The short story, Love Medicine by Louise Erdrich, and the two poems “l(a” by E.E. Cummings, and “This is Just to Say” by William Carlos Williams, all involve two common themes of loneliness and temptation. The short story is based on love gone wrong, where a love medicine is made, which eventually leads to being alone. The poem “l(a” is about loneliness, as that is the main theme of the poem. The poem “This is Just to Say” is about a person who gives in to temptation and asks for forgiveness when they have done something wrong relying on a strong relationship for the person to be able to forgive them.
The short story is all about love and how when it goes wrong, can lead to loneliness. The Grandma of the narrator feels her husband is losing it and starting to lose interest in her and gain it in a new love affair. She is right, and asks upon her grandson to create a love medicine to regain the love that had once been there. She was tempted to do this because she knew her grandson has a special ability. The grandson creates his love medicine by getting two turkey hearts and having the grandmother eat one, and the grandfather eat one. This eventually leads to the grandfather’s death, and the grandmother being alone. The grandfather comes back as a ghost a couple of times but ultimately the grandmother is alone. The grandmother’s temptation to give create a love potion to try to become more connected with her husband again, leaves her alone and much more separated from her husband as he is now dead.
The poem “l(a” is very different from most poems. The poem reads as “l (a leaf falls) loneliness”. With line breaks it is hard to see what the poem says but helps create more meaning. The poem says “a leaf falls” in parenthesis and the next line, the seventh line, says just “one” as part of the word loneliness, but also emphasizing just “one” leaf falls, that one leaf is alone. This poem is emphasizing as one leaf falls, it is alone. This can be applied to people. As one person slips through the cracks and starts to fall, they are like the leaf, alone.

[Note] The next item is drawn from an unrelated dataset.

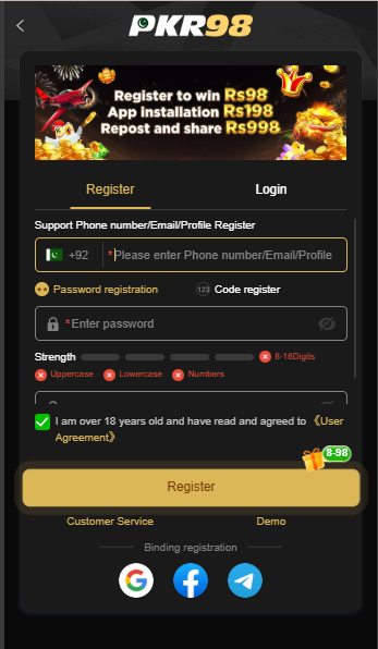 How to Register or Download PKR 98 Slots Game?
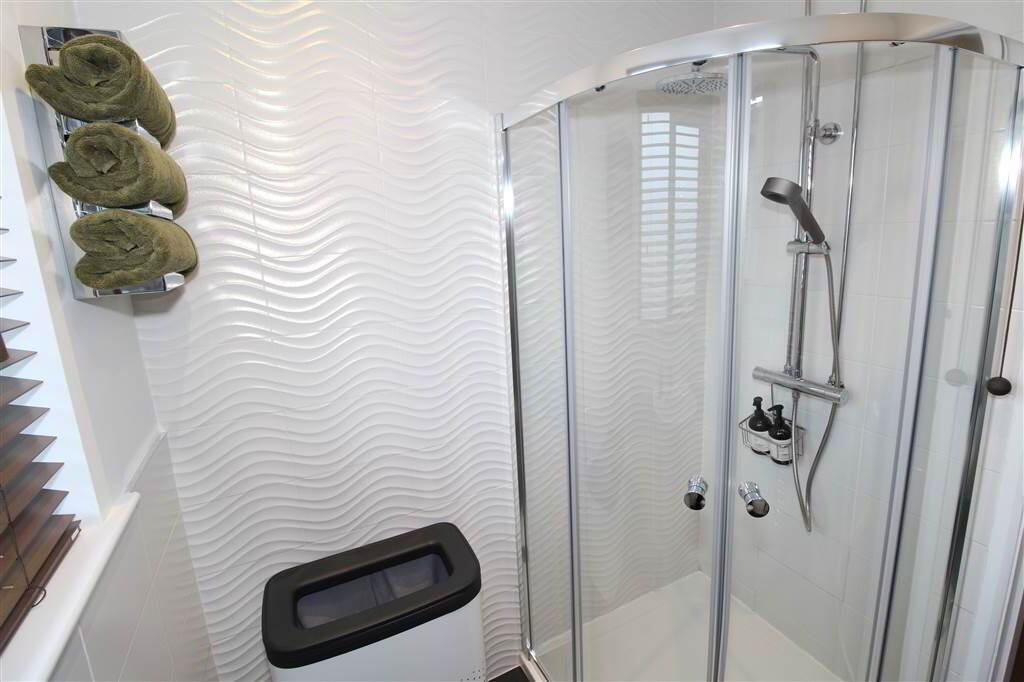 - Partially tiled shower room with white suite comprising of a low flush wc, pedestal wash hand basin and shower cubicle with rainfall shower.

The third work, “This is Just to Say” is about temptation. The speaker of the poem admits stealing plums from the ice box. The speaker seems to have really enjoys them and apologizes to their owner for having taken them. If someone were to take plums, or any food, I would assumer they have a good relationship with that person. It reminds me of first going to school, in the dorm room. When we first moved in, people did not just take other peoples food, but as we got to know each other, people started to more and more. If someone was hungry, they would often give in to temptation and take a bit of someone else’s food. This makes the reader think that their must be some relationship between the speaker and the owner of the plums, and by giving in to this temptation, perhaps their relationship will change.
In conclusion, these three works involve temptation, and loneliness. As seen in the short story, temptation can lead to loneliness. Perhaps in the third work discussed temptation for plums could represent temptation for other things of friends or family and lead to loneliness. In the second work discussed, loneliness is an idea of being just one and alone, as temptation in the first story led to.